→ **Data provided**:
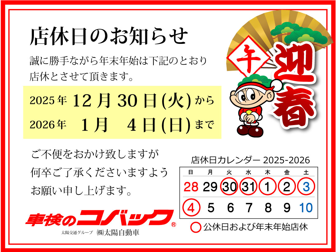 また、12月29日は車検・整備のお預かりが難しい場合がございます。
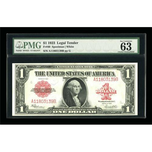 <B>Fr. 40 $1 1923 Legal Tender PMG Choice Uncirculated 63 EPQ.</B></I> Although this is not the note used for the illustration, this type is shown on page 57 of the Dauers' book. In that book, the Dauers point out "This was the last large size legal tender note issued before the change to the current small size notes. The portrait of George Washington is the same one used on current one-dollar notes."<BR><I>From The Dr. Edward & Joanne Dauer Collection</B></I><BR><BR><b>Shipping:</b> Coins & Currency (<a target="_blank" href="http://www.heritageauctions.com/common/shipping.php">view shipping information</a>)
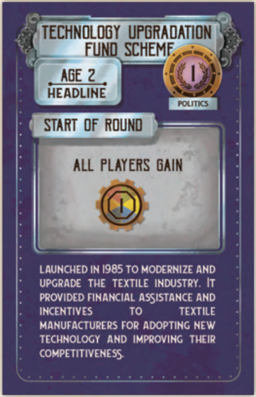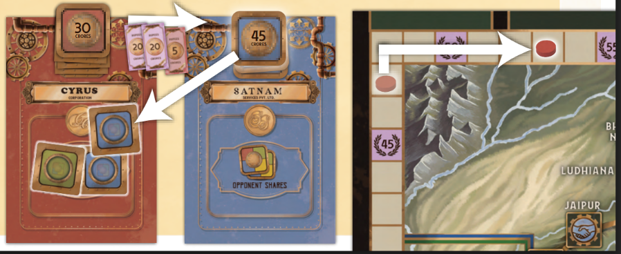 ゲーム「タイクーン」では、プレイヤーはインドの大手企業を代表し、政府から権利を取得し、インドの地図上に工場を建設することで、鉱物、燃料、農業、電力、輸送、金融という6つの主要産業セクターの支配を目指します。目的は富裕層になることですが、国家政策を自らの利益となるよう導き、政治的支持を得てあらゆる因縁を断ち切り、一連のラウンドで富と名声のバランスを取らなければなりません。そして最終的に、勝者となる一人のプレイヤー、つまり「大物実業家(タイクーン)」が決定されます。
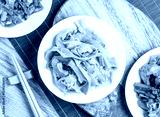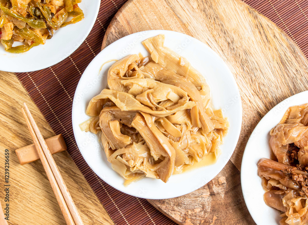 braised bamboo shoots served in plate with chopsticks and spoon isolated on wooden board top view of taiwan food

...

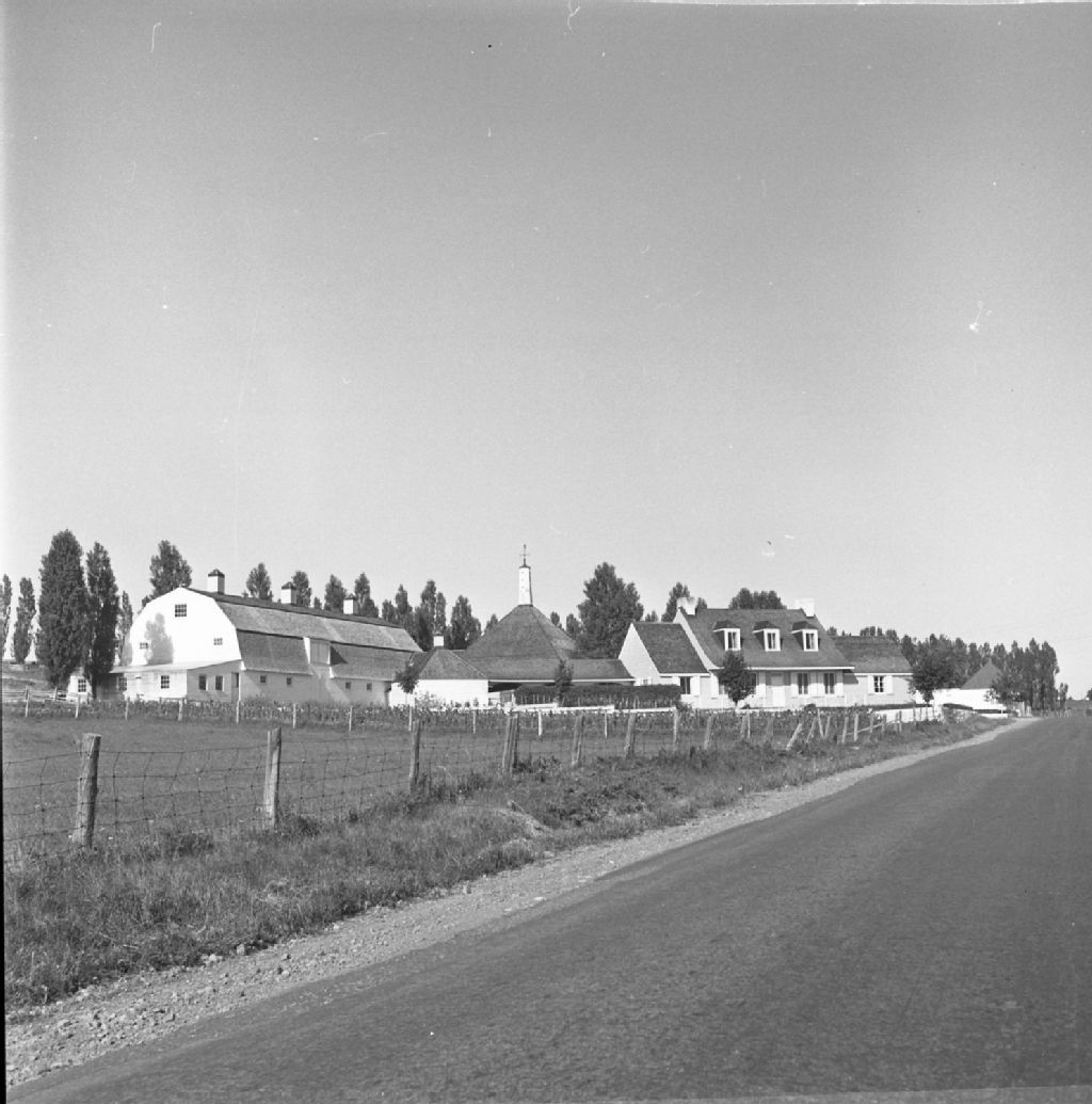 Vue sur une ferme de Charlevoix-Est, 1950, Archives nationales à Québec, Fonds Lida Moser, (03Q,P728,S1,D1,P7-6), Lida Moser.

→ **Problem requirements**: Print from the line containing "また、12月29日は車検・整備のお預かりが難しい場合がございます。" through the line containing "braised bamboo shoots" in the data above, exactly as the lines stand, and omit every picture.

→ **Solution for this problem**:
 また、12月29日は車検・整備のお預かりが難しい場合がございます。
 <B>Fr. 40 $1 1923 Legal Tender PMG Choice Uncirculated 63 EPQ.</B></I> Although this is not the note used for the illustration, this type is shown on page 57 of the Dauers' book. In that book, the Dauers point out "This was the last large size legal tender note issued before the change to the current small size notes. The portrait of George Washington is the same one used on current one-dollar notes."<BR><I>From The Dr. Edward & Joanne Dauer Collection</B></I><BR><BR><b>Shipping:</b> Coins & Currency (<a target="_blank" href="http://www.heritageauctions.com/common/shipping.php">view shipping information</a>)
 ゲーム「タイクーン」では、プレイヤーはインドの大手企業を代表し、政府から権利を取得し、インドの地図上に工場を建設することで、鉱物、燃料、農業、電力、輸送、金融という6つの主要産業セクターの支配を目指します。目的は富裕層になることですが、国家政策を自らの利益となるよう導き、政治的支持を得てあらゆる因縁を断ち切り、一連のラウンドで富と名声のバランスを取らなければなりません。そして最終的に、勝者となる一人のプレイヤー、つまり「大物実業家(タイクーン)」が決定されます。
 braised bamboo shoots served in plate with chopsticks and spoon isolated on wooden board top view of taiwan food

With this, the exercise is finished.